We can download climate data for land masses except Antarctica using the ‘raster’ library and:
library(raster)
## Loading required package: sp
clim = getData('worldclim', var='bio', res=5) # Download the WorldClim Bioclim data for the world at a 5 arcminute resolution.
summary(clim)
## Warning in .local(object, ...): summary is an estimate based on a sample of 1e+05 cells (1.29% of all cells)
## bio1 bio2 bio3 bio4 bio5 bio6 bio7 bio8
## Min. -263 34 9 119.00 -59 -540 60 -242
## 1st Qu. -40 87 21 3931.75 192 -272 243 88
## Median 86 110 32 8098.00 271 -76 343 157
## 3rd Qu. 226 135 52 12543.25 332 87 456 243
## Max. 314 210 94 22679.00 488 255 724 373
## NA's 5476792 5476792 5476792 5476792.00 5476792 5476792 5476792 5476715
## bio9 bio10 bio11 bio12 bio13 bio14 bio15 bio16
## Min. -451 -95 -488.00 0 0 0 0 0
## 1st Qu. -150 117 -203.25 259 45 3 34 116
## Median 37 196 -19.00 492 78 11 54 209
## 3rd Qu. 221 265 168.00 929 150 25 81 396
## Max. 360 378 286.00 8967 1654 590 229 3821
## NA's 5476637 5476792 5476792.00 5476559 5476559 5476559 5476559 5476559
## bio17 bio18 bio19
## Min. 0 0 0
## 1st Qu. 13 84 24
## Median 39 173 57
## 3rd Qu. 89 273 126
## Max. 1887 2936 3151
## NA's 5476559 5476792 5476792
summary(clim[[1]])
## Warning in .local(object, ...): summary is an estimate based on a sample of 1e+05 cells (1.29% of all cells)
## bio1
## Min. -265
## 1st Qu. -40
## Median 87
## 3rd Qu. 227
## Max. 314
## NA's 0
See here for Bioclim variable definitions.
We are looking at ‘bio1’ above which is the mean annual temperature (MAT) value in Celsius degrees * 10.
If we want to ‘zoom in’ on a region of interest we can crop the raster just like a picture file. However, we must use the coordinates of the raster. In this case that is latitude and longitude in decimal degrees.
#define an 'extent' object.
#eastern US
ext = extent(-74, -69, 40, 45)
#crop
c2 = crop(clim, ext)
plot(c2[[1]]) # Basic plotting
library(ggplot2)
c2_df = as.data.frame(c2, xy = TRUE)
head(c2_df)
ggplot() +
geom_raster(data = c2_df,
aes(x = x, y = y, fill = bio1)) +
coord_quickmap()
Manual color palettes
First, set the base plot to a variable. ggplot functions can modify existing plot objects so we can use this ‘base’ image to try out new formatting.
base = ggplot() +
geom_raster(data = c2_df,
aes(x = x, y = y, fill = bio1/10)) +
coord_quickmap() +
theme_bw()
base + scale_fill_gradientn(colours=c('navy', 'white', 'darkred'),
na.value = "black")
Try Viridis colors
library(viridis)
## Loading required package: viridisLite
base + scale_fill_gradientn(colours=viridis(99),
na.value = "black")
base + scale_fill_gradientn(colours=magma(99),
na.value = "black")
Try ggsci colors. (https://cran.r-project.org/web/packages/ggsci/vignettes/ggsci.html)
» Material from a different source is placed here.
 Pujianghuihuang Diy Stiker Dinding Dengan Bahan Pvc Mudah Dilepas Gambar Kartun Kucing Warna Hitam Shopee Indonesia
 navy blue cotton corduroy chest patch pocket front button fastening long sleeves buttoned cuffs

library(ggsci) #for expanded colors
ggplot() +
geom_raster(data = c2_df,
aes(x = x, y = y, fill = bio1), colours=viridis::viridis) +
coord_quickmap() +
theme_bw() +
scale_fill_gsea()
## Warning: Ignoring unknown parameters: colours
ggplot() +
geom_histogram(data = c2_df,
aes(x = bio1))
## `stat_bin()` using `bins = 30`. Pick better value with `binwidth`.
## Warning: Removed 1293 rows containing non-finite values (stat_bin).
ggplot() +
geom_histogram(data = c2_df,
aes(x = bio12)) #Histogram of Mean Precipitation values
## `stat_bin()` using `bins = 30`. Pick better value with `binwidth`.
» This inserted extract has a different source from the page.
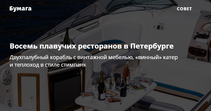 Судоходный сезон в Петербурге в самом разгаре, прогулку по рекам и каналам можно совместить с завтраком, обедом или ужином. «Бумага» рассказывает, в каких плавучих ресторанах послушать фортепианную музыку, выпить вина на верхней палубе и потанцевать под диджей-сеты.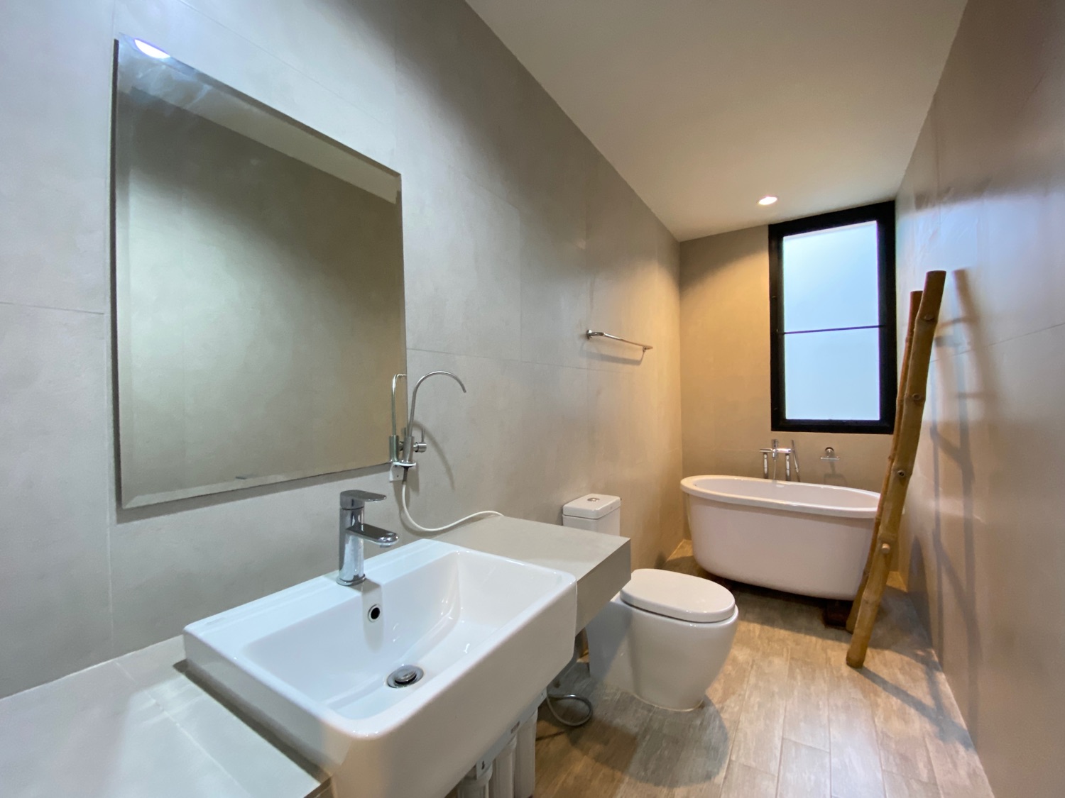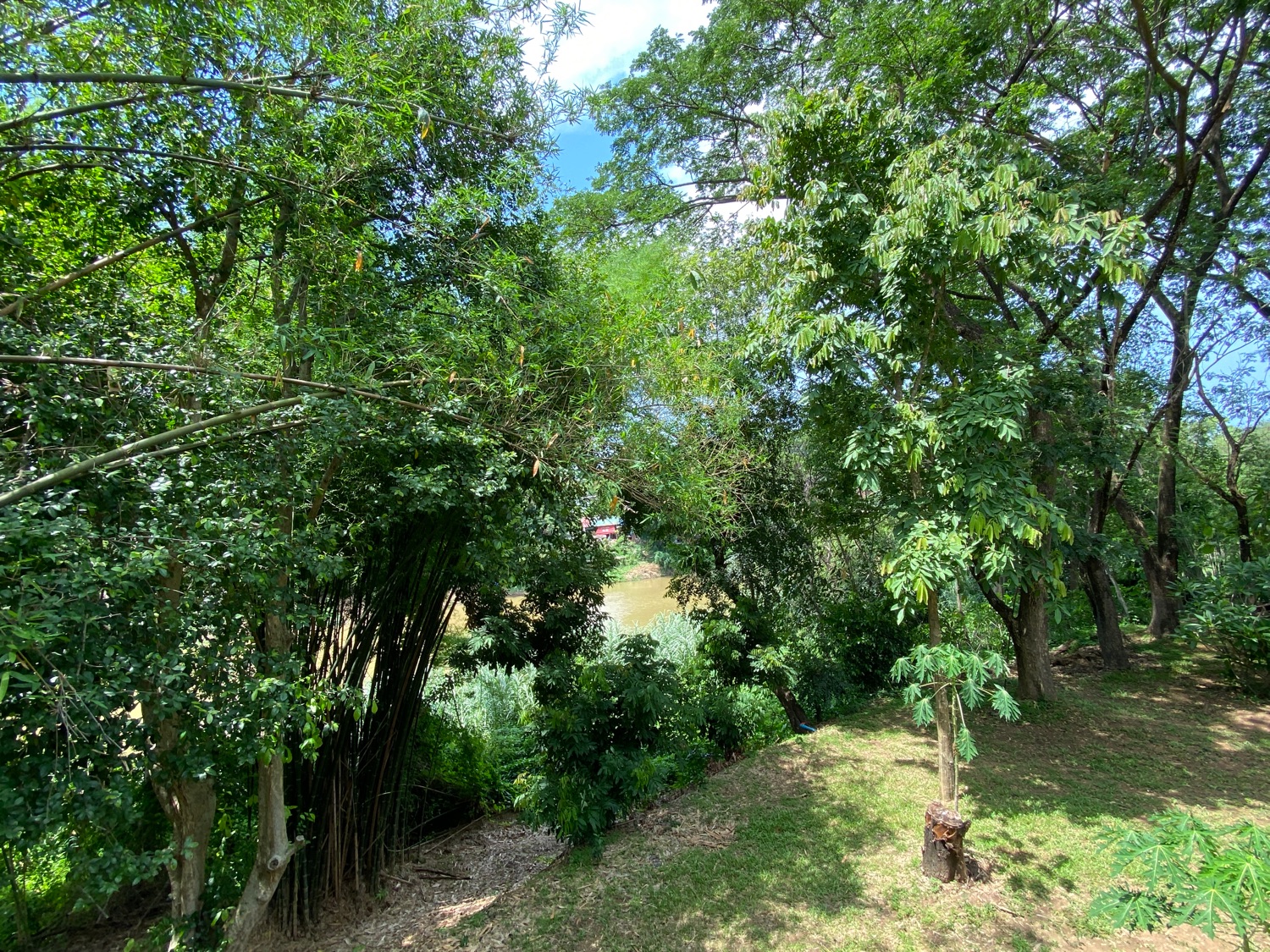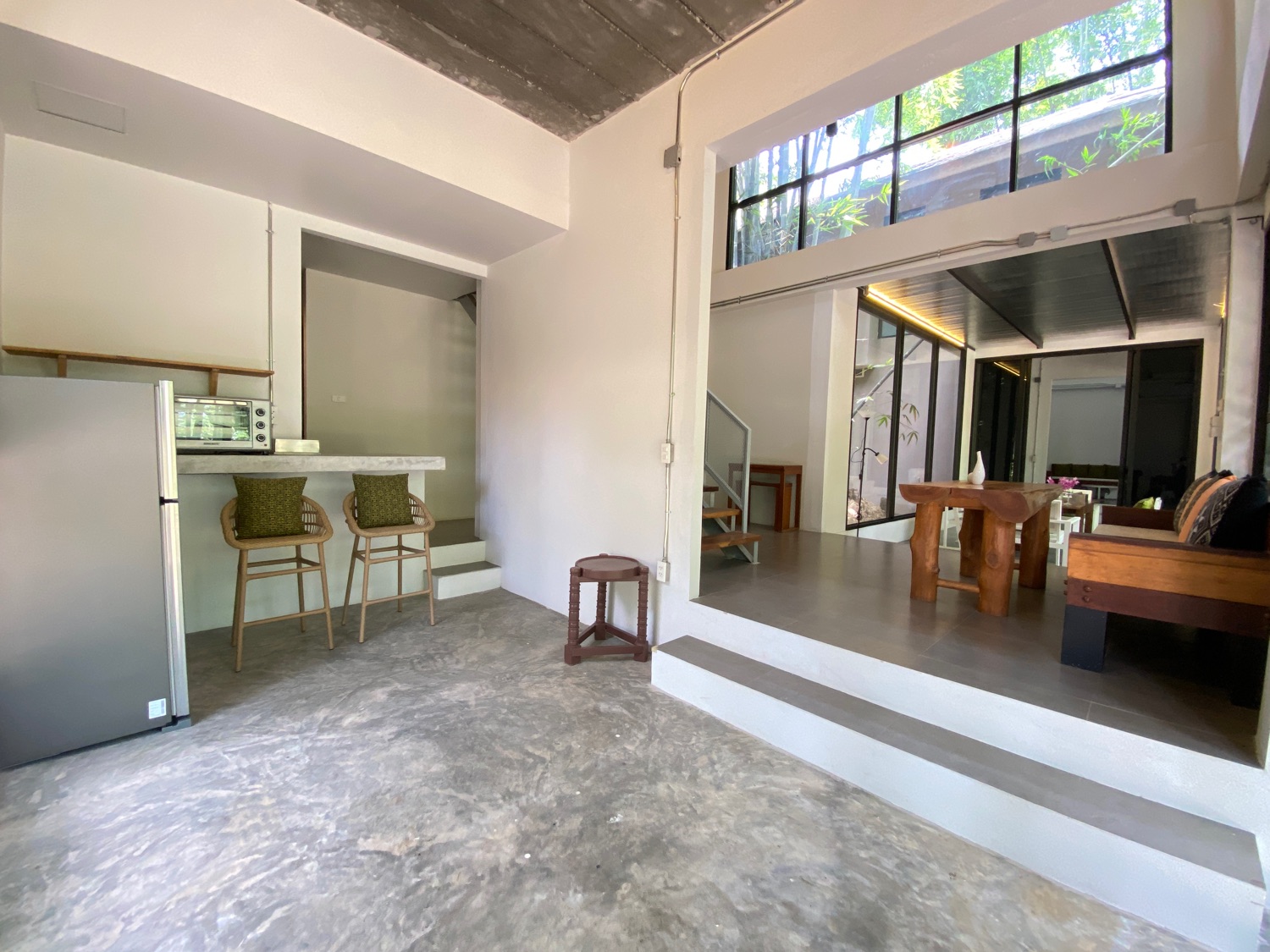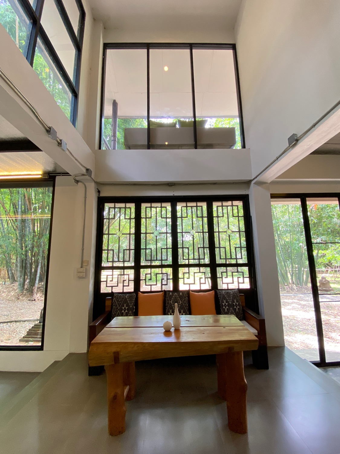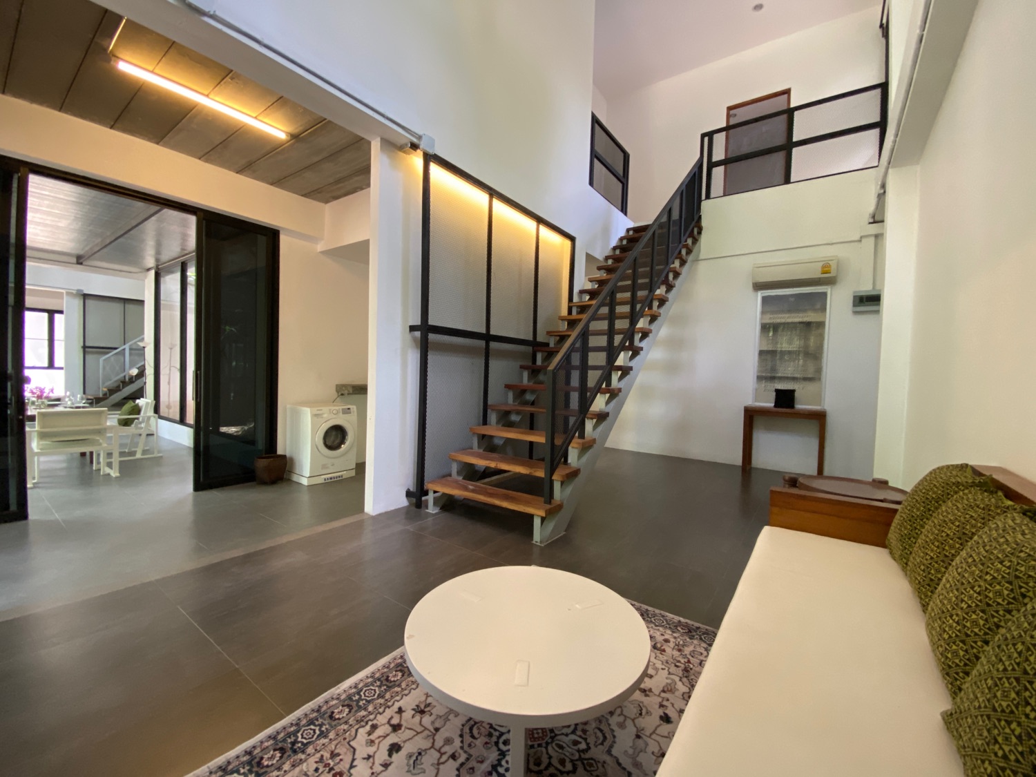 Modern and stylish 6-bedroom twin house for rent fully furnished near Ping River in Don Kaew area of Chiang Mai. Located just north of the city about 10 minutes drive to Mee Chok Plaza and 700 years stadium, the location also offers convenient reach to hospitals, schools and downtown Chiang Mai. About 20 minutes drive to the airport. The property is one of only 5 properties in this exclusive estate. Originally two houses, the owner has connected them with a conservatory or sunroom-style dining room in the middle. The two houses are identical with an open-plan living area with a tall ceiling, and a cute kitchen on the ground floor as well as a guest bathroom with a Victorian bathtub and a guest bedroom which can also be used as a study. On the second floor there are two further bedrooms both ensuite and come with terraces to enjoy the peaceful surroundings. The house is stylishly decorated using good quality and unique furniture pieces. The estate is cosy with gravel ground and bamboo. There is a common house by the river that residents can use for entertaining and a vegetable patch area where residents can grow their own vegetables. A unique and charming set-up in nature surroundings so close to town!

## Warning: Removed 1293 rows containing non-finite values (stat_bin).
Using the same raster climate data create a map of the Mean Annual precipitation in New England using variable ‘bio12’ (MAP in mm). Does your campus receive more or less precipitation each year than NYC. Save your code for today’s class AND the MAP plot to an R script and commit it to your new repository
READING: https://www.sciencedirect.com/science/article/pii/S1470160X18307635#f0010
After reading, select one Figure or table and post on #discussion with an explanation of what it is showing.